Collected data
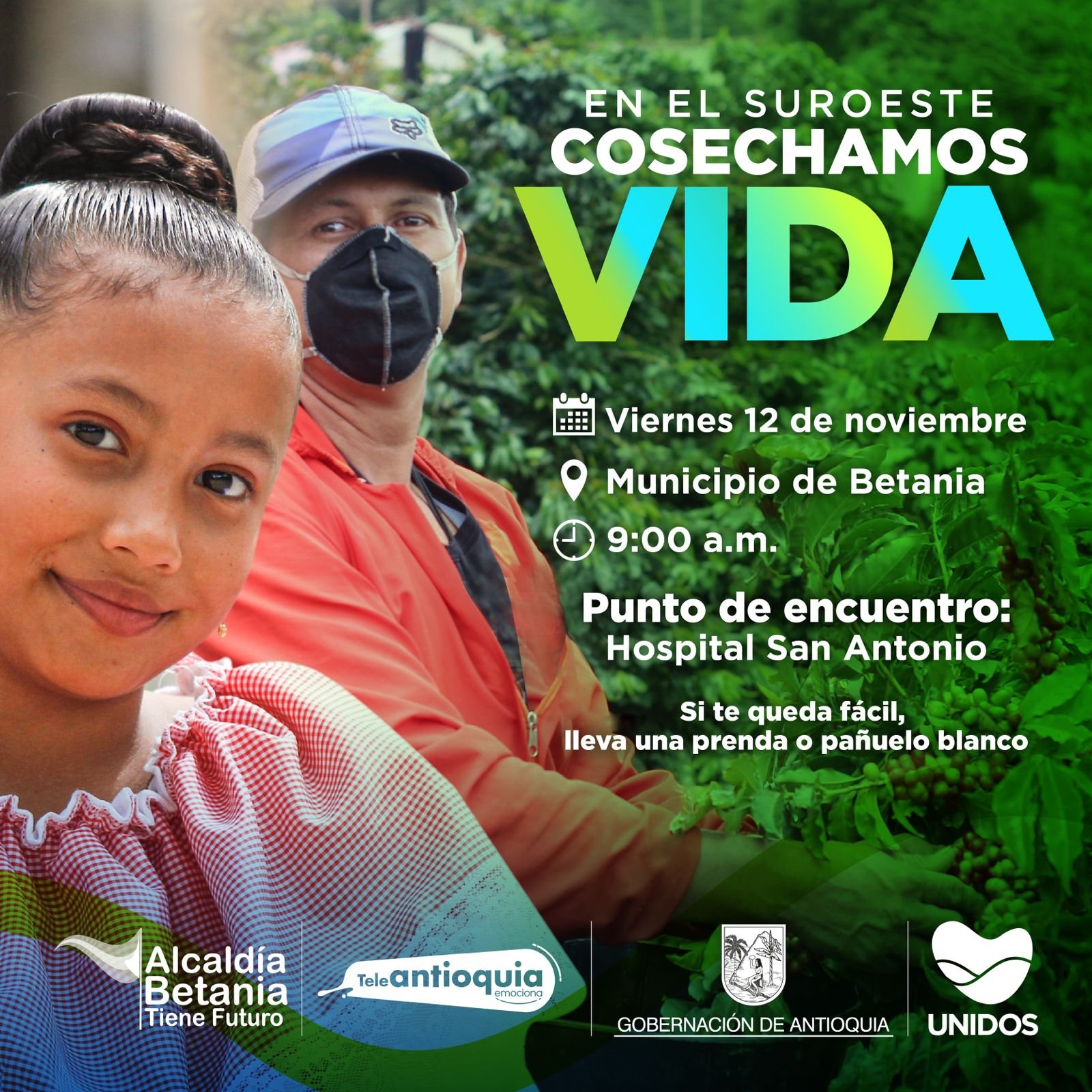 En este evento denominado En el Suroeste cosechamos VIDA habrá intervenciones culturales, una firma de Acuerdos por la Vida y la delegación de cada municipio sembrará un árbol de café en el Parque Educativo Farallones del Citará de Betania.
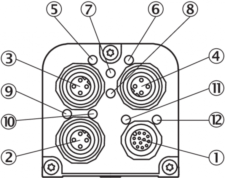 | Соединения | M12, 12-контактный штекер M12, 4-контактный гнездовой разъем |
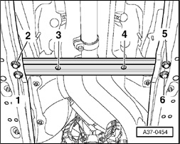 - Remove bolts - 1 through 6 - and remove front cross member for vehicle floor.
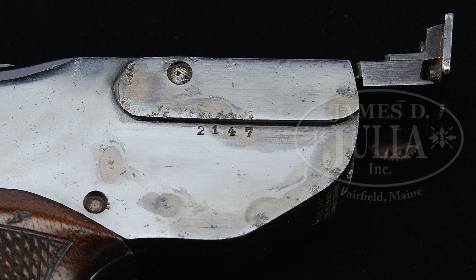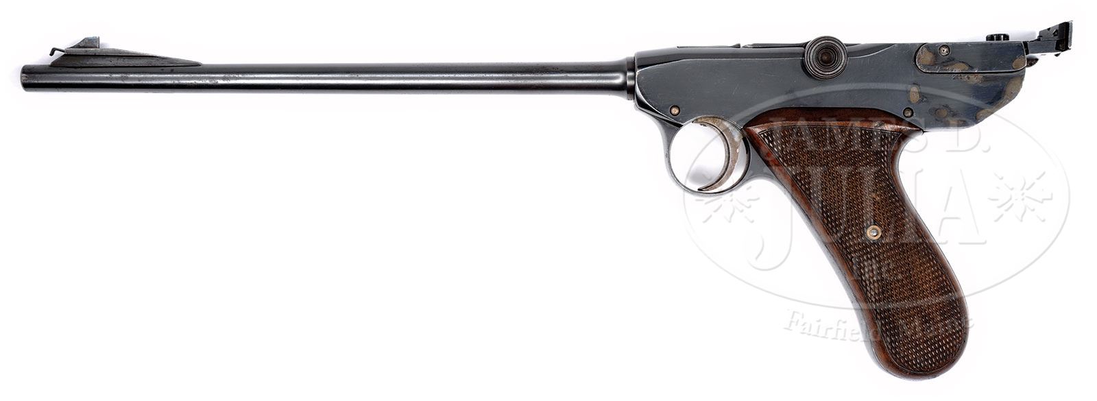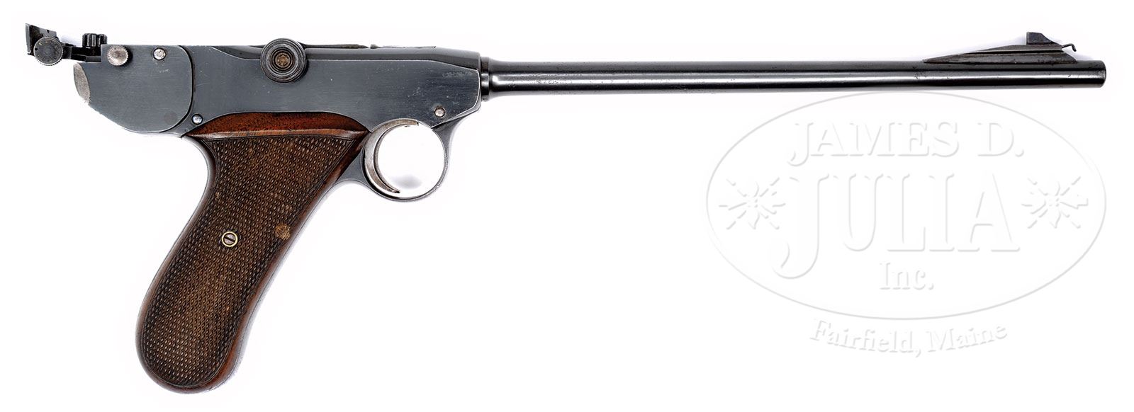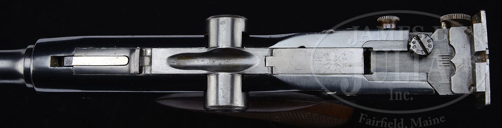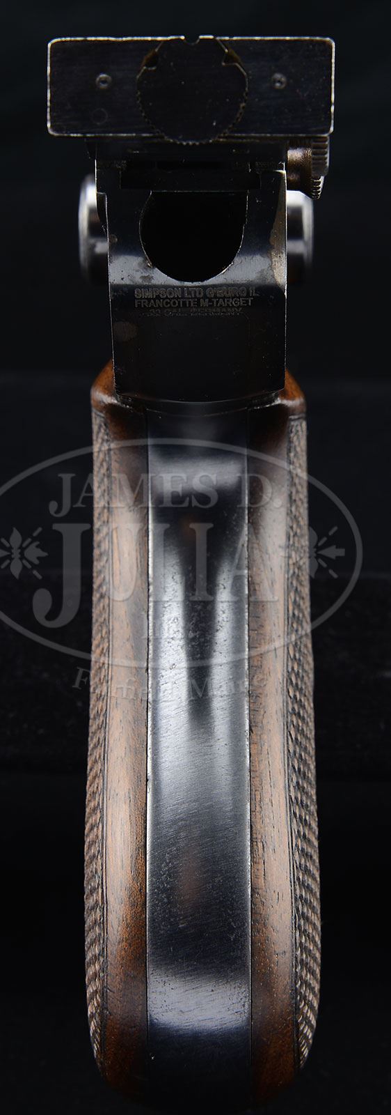 *◊ FRANCOTTE “BORCHARDT” PATTERN TARGET PISTOL, TOGGLE ACTION, SINGLE SHOT.SN 2147. Cal. .22 Long Rifle. Scarce single shot .22 Cal. target pistol, blued with a strawed trigger, made with a toggle action and finely adjustable sights, popularized in Germany and Switzerland and resembling the Borchardt pistol in general outline. This pistol has a 10″ bbl with a ramped detachable front sight and a micro-adjustable rear sight that has three separately sized “V” notches for shooter preference. Toggle with concentric knobs, remaining open after each shot. The right side of the receiver and bbl are Crown/B and Crown/U proofed with the bbl marked for Caliber “5.4mm”. The only other marking on this pistol is the SN “2147” that appears on the left side of the tang & is repeated under the bbl where inserting into the frame. Orig wood checkered grips retained with a single transverse screw. Although there are no manufacturer markings, the consignor noted the gun was made by Francotte. PROVENANCE: Collection of Dr. Geoffrey Sturgess. CONDITION: At least 95% bright orig blue with minor freckling on the bbl and spots of discoloration on each side of tang. Front & backstraps are bright with minimal wear. High condition grips with most orig varnish, sharp checkering, and only a few minute losses. Mirror bore. Perfect manual mechanics. An extremely attractive & unusual target pistol that should appeal to every Luger collector. 4-52104 (2,000-3,000) – Lot 2267
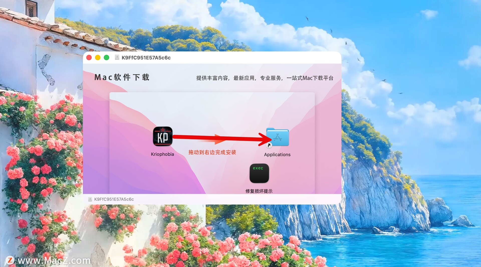 将左侧的Kriophobia拖动到右侧的应用程序中即可,如图
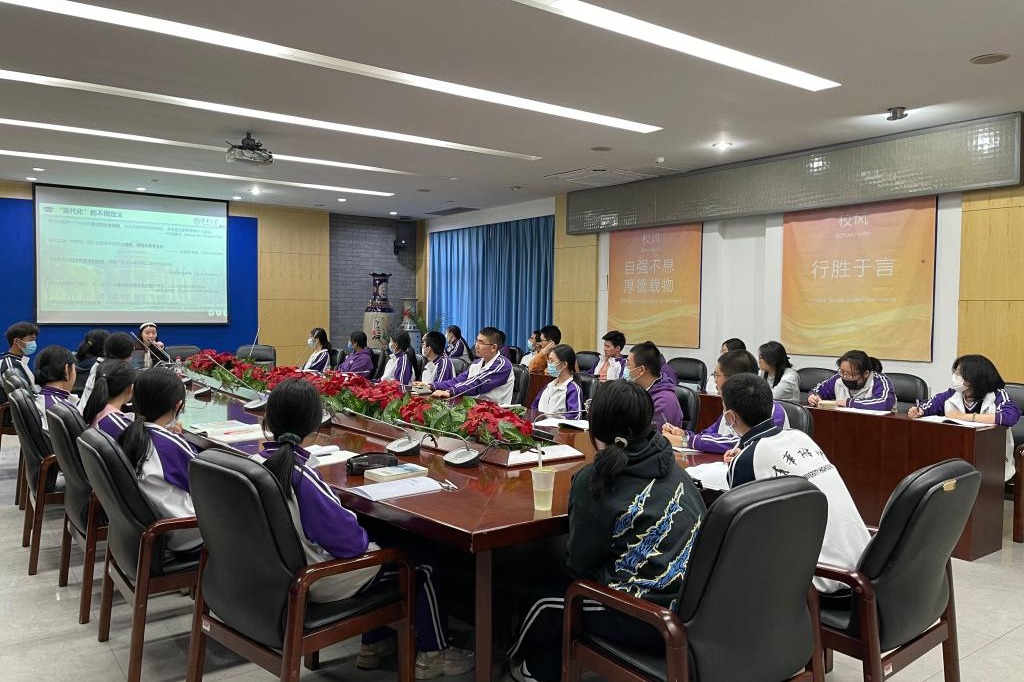 3月10日中午,bg真人试玩学生业余党校邀请清华大学马克思主义学院博士生马成洁博士以《中国式现代化——推进中华民族伟大复兴》为题目做专题讲座。来自高一、高二的三十余位学生业余党校学员,聆听了此次讲座。
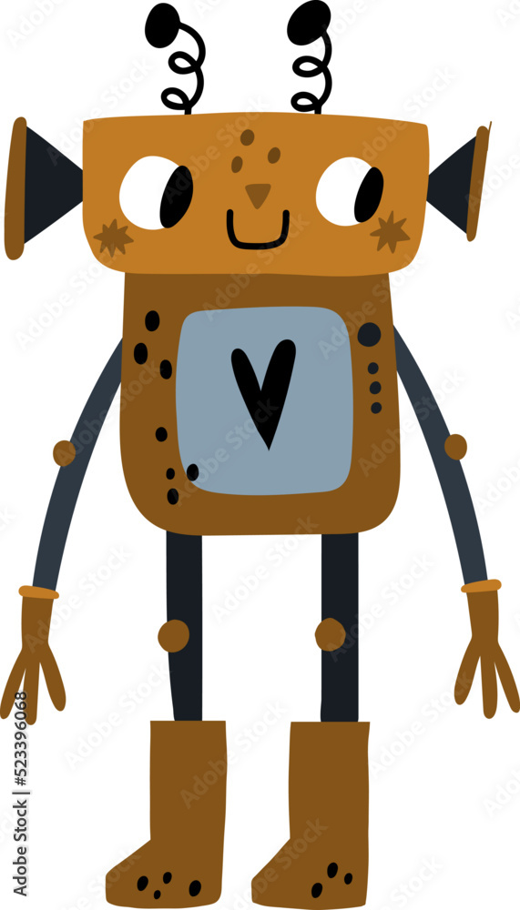 Obraz na plátně Funny robot. Retro rusty droid in childish hand drawn style
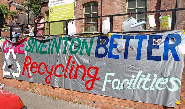 This another yet another event in Sneinton event, designed to draw attention to Nottingham's lamentable lack of recycling facilities. This event was to highlight this fact, and further, to show that many items, thoughtlessly discarded, might have a 'second life' if people just thought about it. Many ideas for 'recycled arts' were explored, with much local support and and many ideas for kids to get involved.
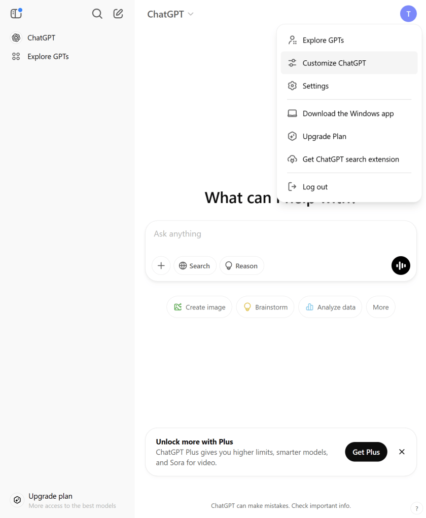 - ขวาบน (ของแอดเป็นรูปตัว T) คือ ศูนย์รวมการตั้งค่าต่างๆ ซึ่งมีปุ่มสร้าง Customize ChatGPT อันนี้แหละที่เราจะมาใช้กัน
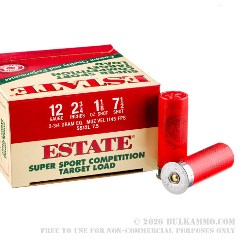 250 Rounds of 12ga Ammo by Estate Super Sport Competition Target - 1 1/8 ounce #7 1/2 shot
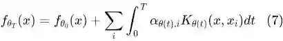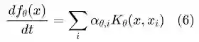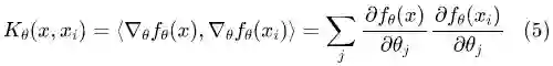,在神经网络中它还有一个非常酷的名字,叫做“Neural Tangent Kernel”,我们将其记为:
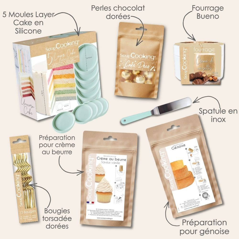 Réalisez facilement un layer cake maison généreux avec ce pack ScrapCooking®. En un seul clic, l’ensemble des produits sont ajoutés à votre panier pour vous lancer immédiatement dans la recette et créer un gâteau d’anniversaire à étages parfaitement équilibré. Ce pack a été pensé pour vous guider de la première génoise jusqu’à la touche finale de décoration.

= Exercise prompt =
Give back the data exactly. Pictures stay out.

= Completed task =
 En este evento denominado En el Suroeste cosechamos VIDA habrá intervenciones culturales, una firma de Acuerdos por la Vida y la delegación de cada municipio sembrará un árbol de café en el Parque Educativo Farallones del Citará de Betania.
 | Соединения | M12, 12-контактный штекер M12, 4-контактный гнездовой разъем |
 - Remove bolts - 1 through 6 - and remove front cross member for vehicle floor.
 *◊ FRANCOTTE “BORCHARDT” PATTERN TARGET PISTOL, TOGGLE ACTION, SINGLE SHOT.SN 2147. Cal. .22 Long Rifle. Scarce single shot .22 Cal. target pistol, blued with a strawed trigger, made with a toggle action and finely adjustable sights, popularized in Germany and Switzerland and resembling the Borchardt pistol in general outline. This pistol has a 10″ bbl with a ramped detachable front sight and a micro-adjustable rear sight that has three separately sized “V” notches for shooter preference. Toggle with concentric knobs, remaining open after each shot. The right side of the receiver and bbl are Crown/B and Crown/U proofed with the bbl marked for Caliber “5.4mm”. The only other marking on this pistol is the SN “2147” that appears on the left side of the tang & is repeated under the bbl where inserting into the frame. Orig wood checkered grips retained with a single transverse screw. Although there are no manufacturer markings, the consignor noted the gun was made by Francotte. PROVENANCE: Collection of Dr. Geoffrey Sturgess. CONDITION: At least 95% bright orig blue with minor freckling on the bbl and spots of discoloration on each side of tang. Front & backstraps are bright with minimal wear. High condition grips with most orig varnish, sharp checkering, and only a few minute losses. Mirror bore. Perfect manual mechanics. An extremely attractive & unusual target pistol that should appeal to every Luger collector. 4-52104 (2,000-3,000) – Lot 2267
 将左侧的Kriophobia拖动到右侧的应用程序中即可,如图
 3月10日中午,bg真人试玩学生业余党校邀请清华大学马克思主义学院博士生马成洁博士以《中国式现代化——推进中华民族伟大复兴》为题目做专题讲座。来自高一、高二的三十余位学生业余党校学员,聆听了此次讲座。
 Obraz na plátně Funny robot. Retro rusty droid in childish hand drawn style
 This another yet another event in Sneinton event, designed to draw attention to Nottingham's lamentable lack of recycling facilities. This event was to highlight this fact, and further, to show that many items, thoughtlessly discarded, might have a 'second life' if people just thought about it. Many ideas for 'recycled arts' were explored, with much local support and and many ideas for kids to get involved.
 - ขวาบน (ของแอดเป็นรูปตัว T) คือ ศูนย์รวมการตั้งค่าต่างๆ ซึ่งมีปุ่มสร้าง Customize ChatGPT อันนี้แหละที่เราจะมาใช้กัน
 250 Rounds of 12ga Ammo by Estate Super Sport Competition Target - 1 1/8 ounce #7 1/2 shot
,在神经网络中它还有一个非常酷的名字,叫做“Neural Tangent Kernel”,我们将其记为:
 Réalisez facilement un layer cake maison généreux avec ce pack ScrapCooking®. En un seul clic, l’ensemble des produits sont ajoutés à votre panier pour vous lancer immédiatement dans la recette et créer un gâteau d’anniversaire à étages parfaitement équilibré. Ce pack a été pensé pour vous guider de la première génoise jusqu’à la touche finale de décoration.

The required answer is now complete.